◆ **Provided entries**:

----------

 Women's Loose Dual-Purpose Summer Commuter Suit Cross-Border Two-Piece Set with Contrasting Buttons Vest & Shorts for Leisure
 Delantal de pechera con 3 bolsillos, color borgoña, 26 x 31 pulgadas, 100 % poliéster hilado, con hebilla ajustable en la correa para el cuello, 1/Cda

----------

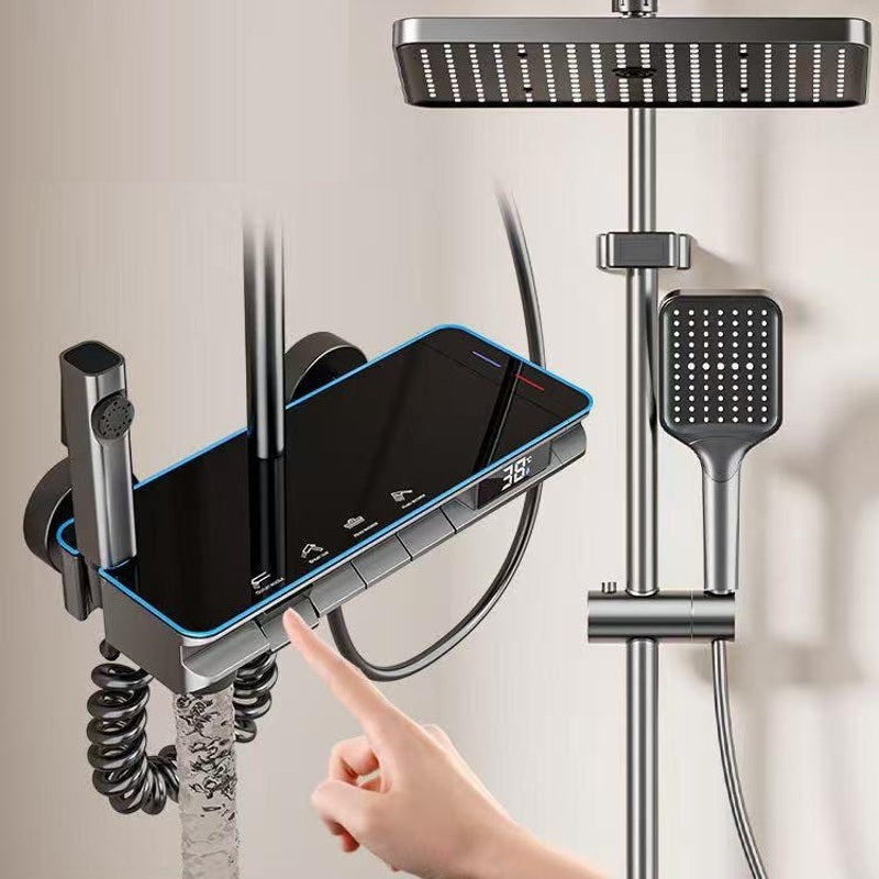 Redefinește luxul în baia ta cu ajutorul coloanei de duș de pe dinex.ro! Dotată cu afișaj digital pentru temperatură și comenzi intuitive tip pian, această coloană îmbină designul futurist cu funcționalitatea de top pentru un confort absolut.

----------

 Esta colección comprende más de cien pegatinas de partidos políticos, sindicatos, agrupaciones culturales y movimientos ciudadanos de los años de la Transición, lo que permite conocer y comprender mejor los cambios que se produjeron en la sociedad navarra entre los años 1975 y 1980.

----------

◆ **Task requirements**: Your answer should consist only of the lines above between the line holding "Women's Loose Dual-Purpose" and the line holding "Delantal de pechera", inclusive, each transcribed exactly.

◆ **Solved exercise**:
 Women's Loose Dual-Purpose Summer Commuter Suit Cross-Border Two-Piece Set with Contrasting Buttons Vest & Shorts for Leisure
 Delantal de pechera con 3 bolsillos, color borgoña, 26 x 31 pulgadas, 100 % poliéster hilado, con hebilla ajustable en la correa para el cuello, 1/Cda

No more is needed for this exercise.